There's a bunch of method calls used used between ArrayViewMut::split_at and RawViewMut::split_at that look like small methods that should be #[inline].
However the main logic is implemented in RawArrayView::split_at and is larger than my gut feeling threshold for inline, I'm not sure if it should be marked. Have you tried, do you know if it actually improves if you do this? I think I could be brought onboard with that change, there's a lot of bounds checking that can probably be removed after inlining.
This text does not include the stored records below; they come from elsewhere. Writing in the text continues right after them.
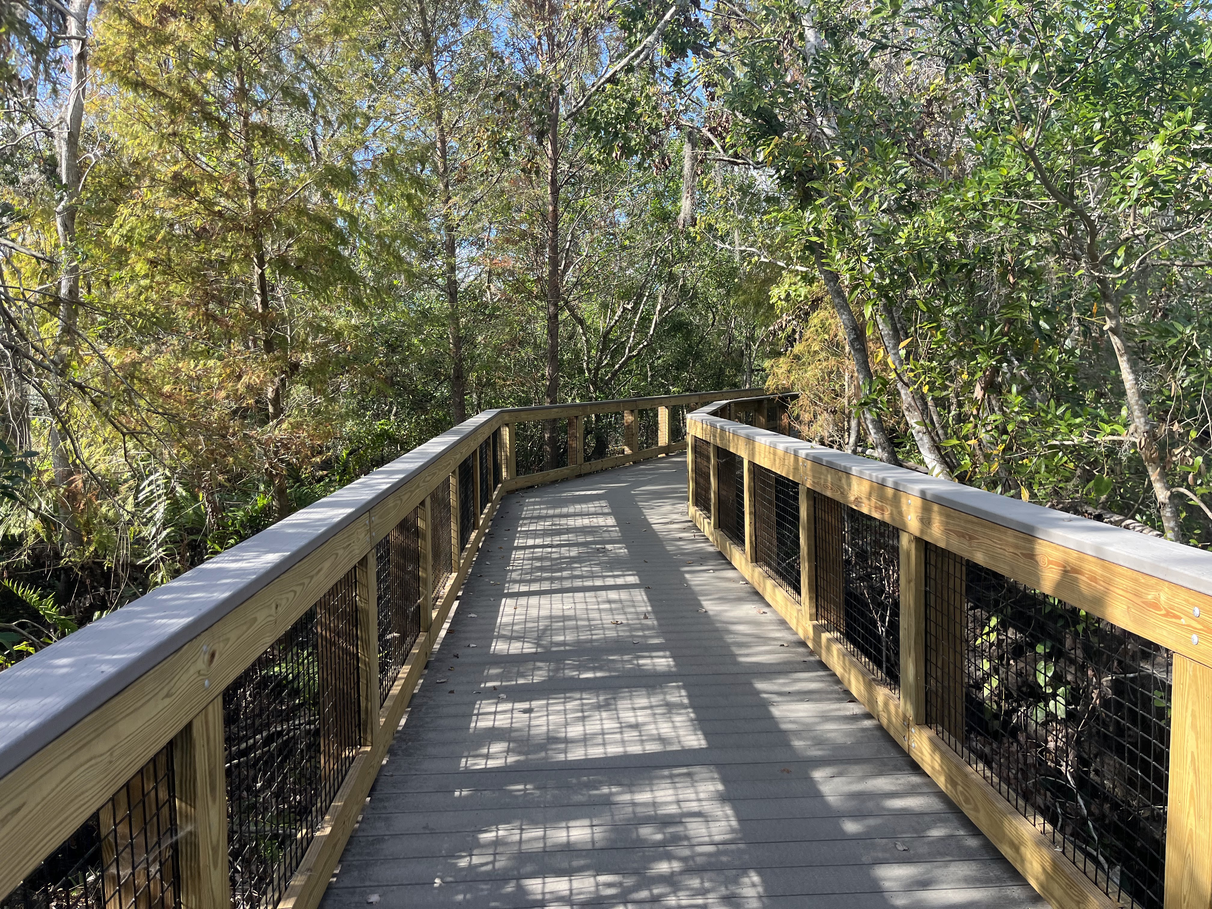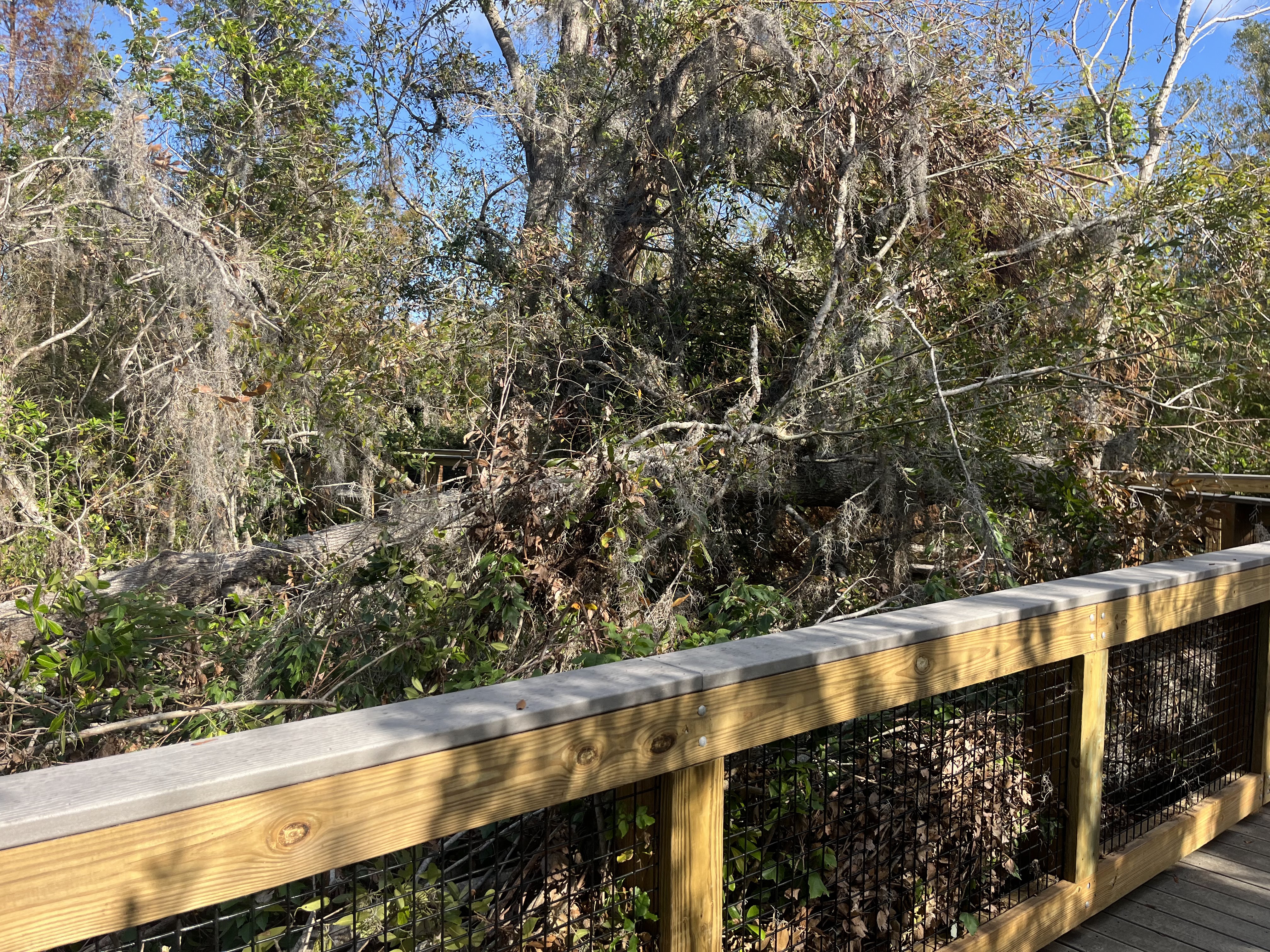 The boardwalk is about a half-a-mile long. While walking, I could see a bit of the impact the storms had had on the park’s flora. I assume it would have been much worse before the park staff began to cleanup and fix up the park.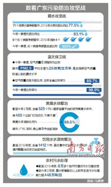 今年,广东省将围绕地表水优良率达标、消除劣Ⅴ类国考断面、AQI达标率三项约束性任务,以臭氧污染防控为核心,综合整治重点企业、工业园,推动出租车、泥头车等电动化,从源头减排挥发性有机物和氮氧化物。加快重点治污工程复工复产,发挥治污设施减排效益,完成消除劣Ⅴ类和优良率84.5%以上的目标。做好土壤污染防治、水源地保护、近岸海域污染防治、农村污染治理等。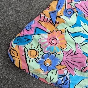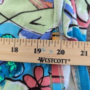 Lulu-B floral bird print sequin cotton multicolor Tshirt batwing size Small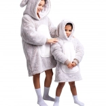 Großer Kapuzenpullover in Form eines Tieres, der als kuschelige Decke aus weichem Sherpa-Fleece dient. Bietet maximalen Komfort für Kinder von 3 bis 6 Jahren mit einer großen Vordertasche zum Aufwärmen der Hände.

In my opinion, caller-side inline directives

It's not really the same thing but I think it's fun and I want to share the information: we have definition-side inline directives on closures and that almost looks like caller side. I've experimented with using those instead of macro based unrolling (matrixmultiply). It looks like this in use: foo(#[inline(always)] |x| x + 1) and it has effect. The cumulative effect of foo(#[inline(always)] |x| f(x)) is not something I have considered before, but since inlining is bottom-up it could maybe work(?) to force the call to f to be inlined.

There's a bunch of method calls used used between ArrayViewMut::split_at and RawViewMut::split_at that look like small methods that should be #[inline].
However the main logic is implemented in RawArrayView::split_at and is larger than my gut feeling threshold for inline, I'm not sure if it should be marked. Have you tried, do you know if it actually improves if you do this? I think I could be brought onboard with that change, there's a lot of bounds checking that can probably be removed after inlining.

In my use case, it was specifically ndarray::impl_views::splitting::<impl ndarray::ArrayBase<ndarray::ViewRepr<&mut A>,D>>::split_at aka ArrayViewMut::split_at that failed to inline, most likely because it was the one that I called across a crate boundary. The inlining of lower-level functions transitively called by that function worked just fine.

It's not really the same thing but I think it's fun and I want to share the information: we have definition-side inline directives on closures and that almost looks like caller side. I've experimented with using those instead of macro based unrolling (matrixmultiply). It looks like this in use: foo(#[inline(always)] |x| x + 1) and it has effect. The cumulative effect of foo(#[inline(always)] |x| f(x)) is not something I have considered before, but since inlining is bottom-up it could maybe work(?) to force the call to f to be inlined.

As far as I understand inlining directives, this would only force rustc to inline the closure, and not the other functions transitively called by the closure. But maybe @CAD97 can comment on this.